Isn't 505 full SAPS? If so, why does it have a test with a lower number of hours? Unless of course, the 250 hr and 650 hr test are different.
I'm not sure. I just remember looking up the differences in the certifications and the test length.
 
Agree. I don't think there's much of a difference in price between PUP and PP either. Not sure why people stick with older products when there better ones at the same or cheaper prices.
PUP is a lot better than PP. Partly because PUP is excellent. Partly because PP is not so good, IMO. I think there are many lower cost oils that give better wear protection than PP.

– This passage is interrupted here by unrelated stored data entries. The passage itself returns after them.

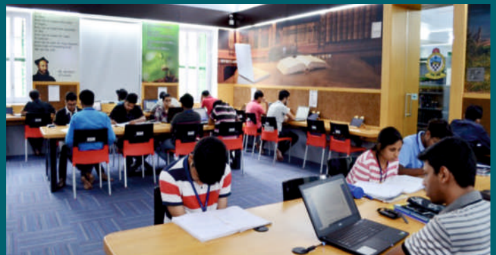
E-Resource Centre for Advanced Studies and Research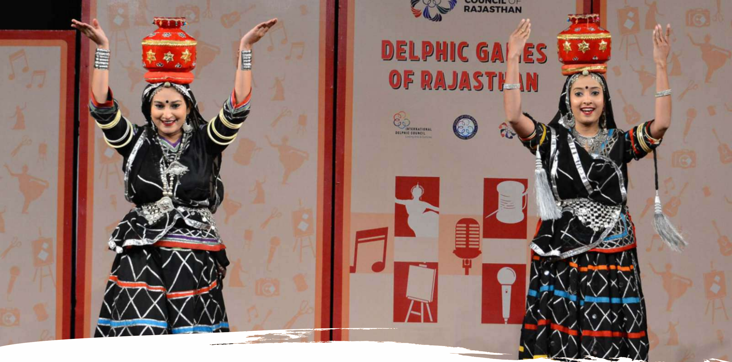
Artist Performing in Folk Dance Category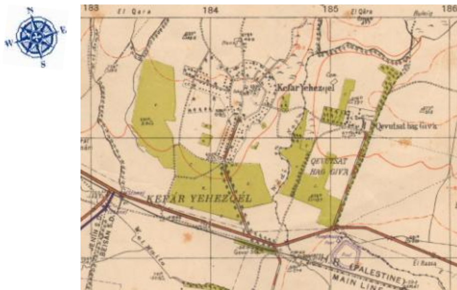
Fig. 4a. The map of Kibbutz Geva ('Qevutsat Haggiva') and Moshav Kfar-Yehezkel (Originally 1:20,000, 1941) 1Km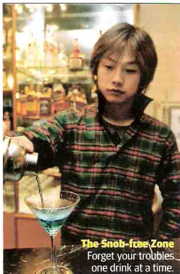
The Snob-free Zone Forget your troubles one drink at a time.

Perfect For: as a friendly local. Add: 1221 Changle Lu 长乐路1221号 Tel: 5403-5521 The Verdict: ●●●●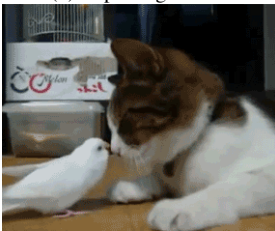
(b) Repeating Action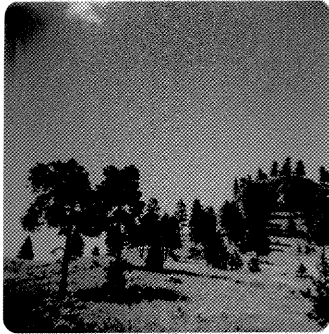
South slope of Conkle Mtn. (June)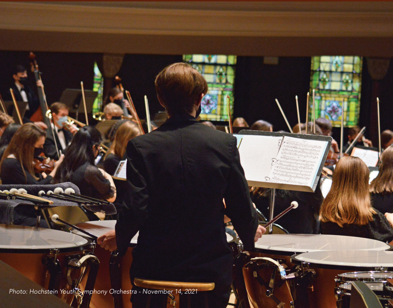
Photo: Hochstein Youth Symphony Orchestra - November 14, 2021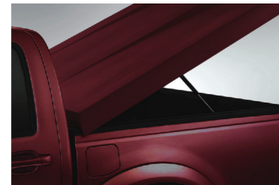
Able to lift up to 60cm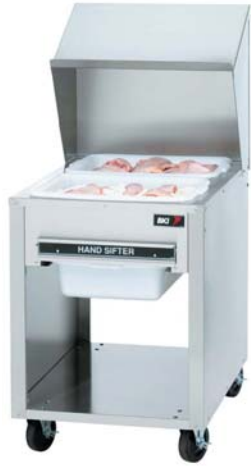
BT-24 Breeding Table shown above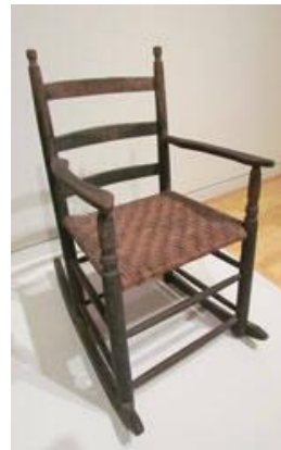
Title: Arm chair with rockers Date: ca. 1780-1830 Primary Maker: Unidentified maker, Virginia or Georgia Medium: Unidentified hardwoods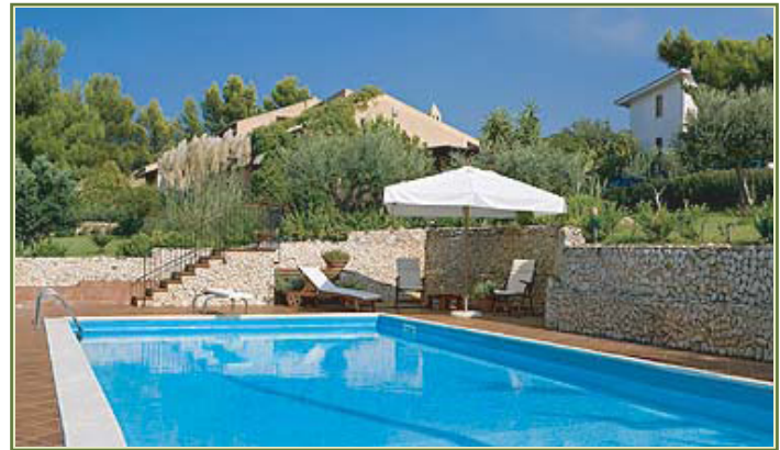
Villa Mimosa sleeps 8 people

Set in the idyllic area of Fraginesi and seemingly well off the beaten track you are in fact 1km drive from Calabianca where magnificent seascapes follow one another, leading to Guidaloca bay and nature reserve. The historic town of Castellammare del Golfo is only 3km from where small islands are only a short boat ride away.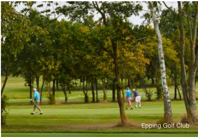
Epping Golf Club

Dining options are plentiful in Epping. Haywards sits proudly in the Michelin guide, serving seasonal dishes in a converted stable – and it’s just nine minutes away by car. Forest Bar & Kitchen serves highly-regarded Mediterranean cuisine, while Yakimono offers a Japanese menu designed for sharing. Other highlights include Coho Brasserie in Harlow and Quindici (Italian classics with a modern twist) in Loughton. Plus, The Cart Shed is on your doorstep in Thornwood – delight in wood-fired, locally farmed food.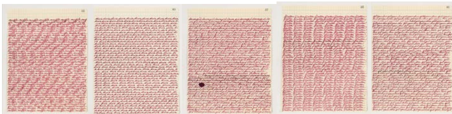
Ledger Drawings Suite B , 2015, ink on paper in 5 parts, 11.75h x 9.5w in. each part

“At night, I make text drawings on pages from a ledger book. I reinscribe words and phrases used to refer to and put down women artists of my age and older, over and over in red, blue and brown inks, as if to interrogate their intended meaning and render them powerless. In doing so, I claim those words on my own terms.” — Harmony Hammond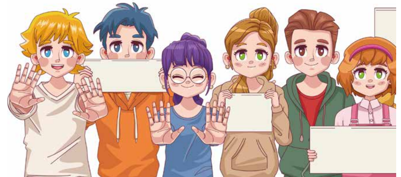
RBC Anime Club members come together to enjoy comradery and share their interest in anime works that are inspired by Japanese animation.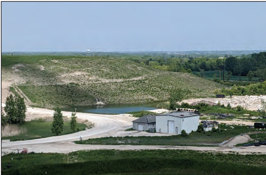
Stockpile vegetation starting up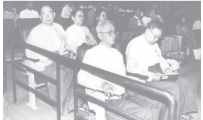
Journalists seen at the plenary session of National Convention.

badly needed for delegates and national races, they have to be prescribed. They are not an act of oppression, and all the delegates are requested to cooperate for success of the NC, realizing

So yes PUP is a good recommendation. It's GTL with good additives. However, it runs a bit thin per grade, which I don't like for high mileage engines.

Quaker State Ultimate Protection Full Syn (QSUPFS) is another oil in the Shell family. QSUPFS is 80-90% GTL and has good additives just like PUP, but QSUPFS runs thick per grade, which I think makes it better (especially for high mileage engines).

Also, QSUPFS costs much less than PUP.
 
Agreed, but how many doors does that truck have? I'm not familiar with that model. Does it have 2 doors, or 2 full size doors plus 2 little suicide doors?
I see only 2 doors there, no suicide doors.
By the way, this is my dream truck. Tradesman, 8 feet bed, 6.7L Cummins, Aisin transmission.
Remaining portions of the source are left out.